Information supplied:
-------
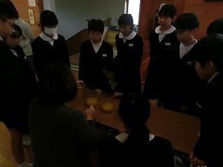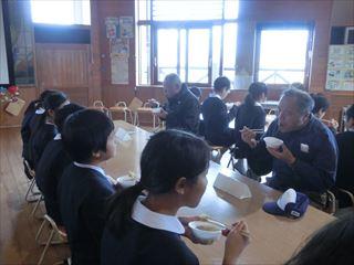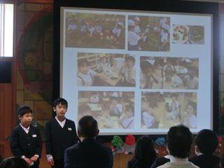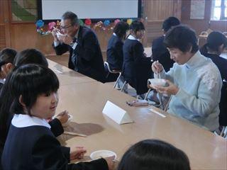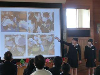 子どもたちが畑の先生と一緒に育てたサツマイモや白菜などを使ってめった汁を作りました。畑の先生をはじめ,一年間お世話になった見守り隊や図書ボランティアの方々もお呼びして一緒に食べました。また,「畑自慢」のプレゼン発表やプレゼント渡し,5・6年生による合唱なども行い,みんなで感謝の気持ちを伝えることができました。
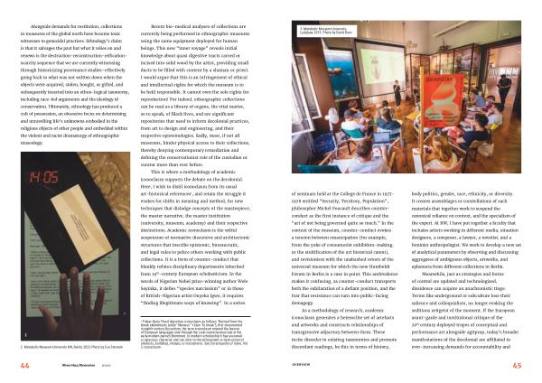 Recent bio-medical analyses of collections are currently being performed in ethnographic museums using the same equipment deployed for human beings . This new “ inner voyage ” reveals initial knowledge about quasi digestive tracts carved or incised into solid wood by the artist , providing small ducts to be filled with content by a shaman or priest . I would argue that this is an infringement of ethical and intellectual rights for which the museum is to be held responsible . It cannot own the sole rights for reproduction ! For indeed , ethnographic collections can be read as a library of organs , the vital matter , so to speak , of Black lives , and are significant repositories that need to inform decolonial practices , from art to design and engineering , and their respective epistemologies . Sadly , most , if not all museums , hinder physical access to their collections , thereby denying contemporary remediation and defining the conservationist role of the custodian or curator more than ever before .
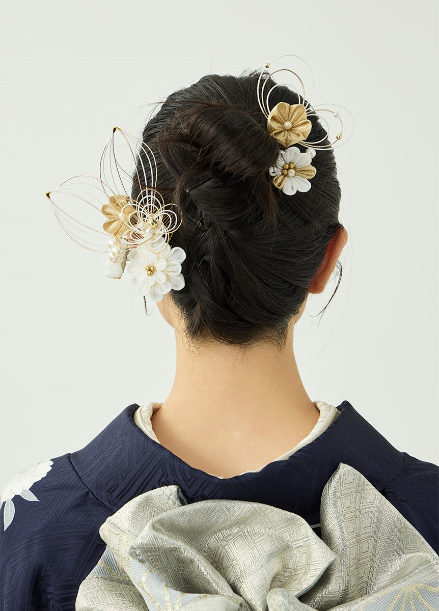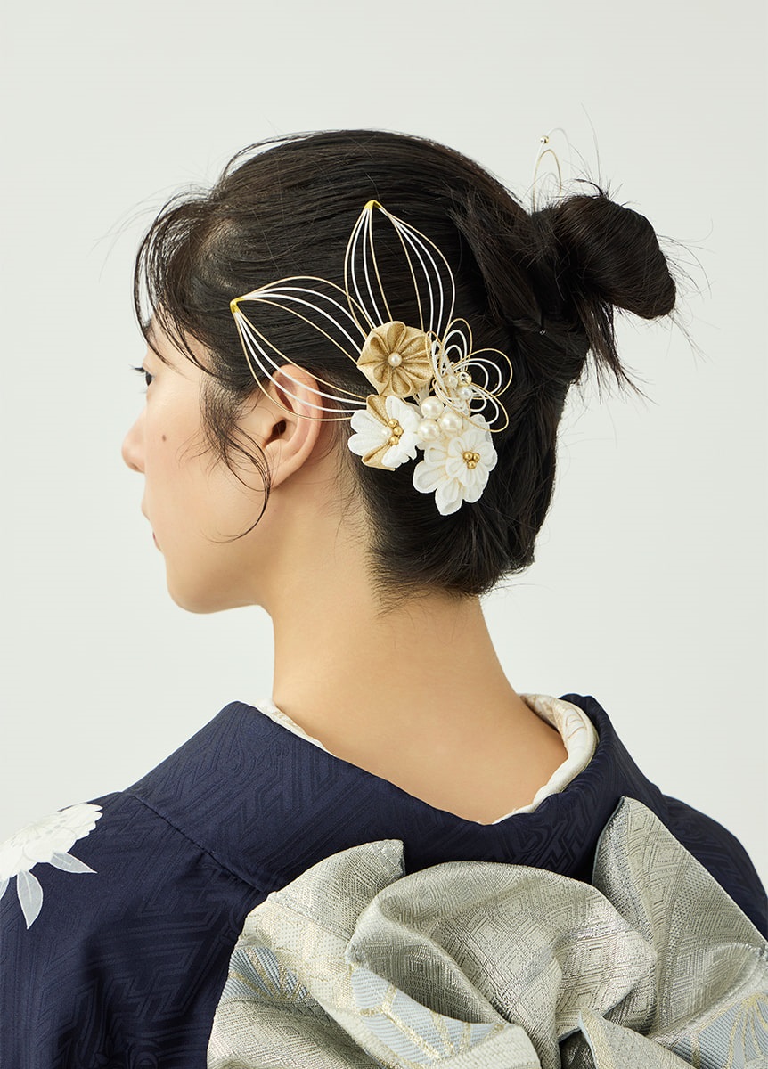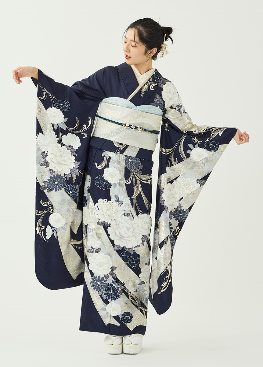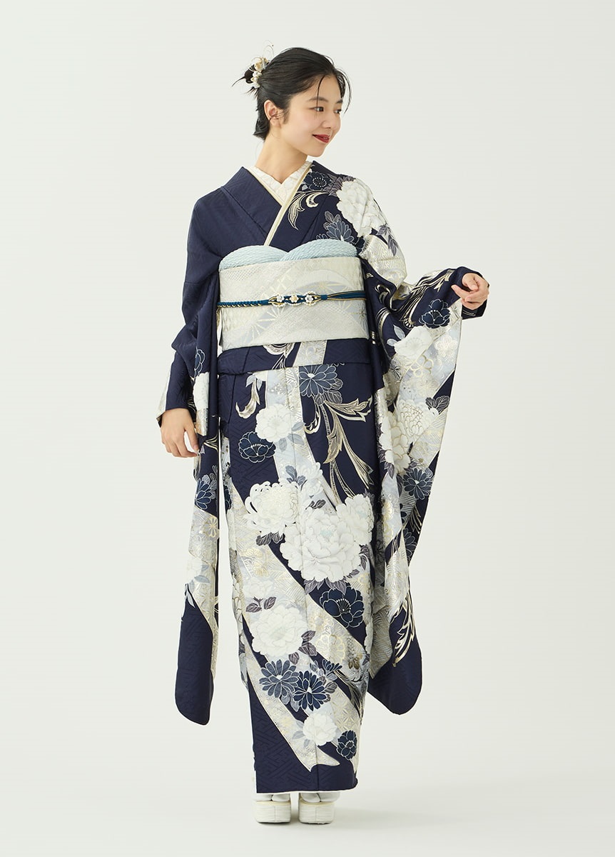 白い熨斗と牡丹に、プラチナ箔の品ある輝きを添えました。落ち着きのある紺の地色が柄の白を際立たせ、凛とした美しさを演出します。スタイリングはシルバーの帯に同系色の小物を合わせ、統一感のある装いに仕上げました。
-------
What is required:
Exclude all pictures and return precisely the lines from the one containing "Recent bio-medical analyses" through the closing line of the data.

The completed task:
 Recent bio-medical analyses of collections are currently being performed in ethnographic museums using the same equipment deployed for human beings . This new “ inner voyage ” reveals initial knowledge about quasi digestive tracts carved or incised into solid wood by the artist , providing small ducts to be filled with content by a shaman or priest . I would argue that this is an infringement of ethical and intellectual rights for which the museum is to be held responsible . It cannot own the sole rights for reproduction ! For indeed , ethnographic collections can be read as a library of organs , the vital matter , so to speak , of Black lives , and are significant repositories that need to inform decolonial practices , from art to design and engineering , and their respective epistemologies . Sadly , most , if not all museums , hinder physical access to their collections , thereby denying contemporary remediation and defining the conservationist role of the custodian or curator more than ever before .
 白い熨斗と牡丹に、プラチナ箔の品ある輝きを添えました。落ち着きのある紺の地色が柄の白を際立たせ、凛とした美しさを演出します。スタイリングはシルバーの帯に同系色の小物を合わせ、統一感のある装いに仕上げました。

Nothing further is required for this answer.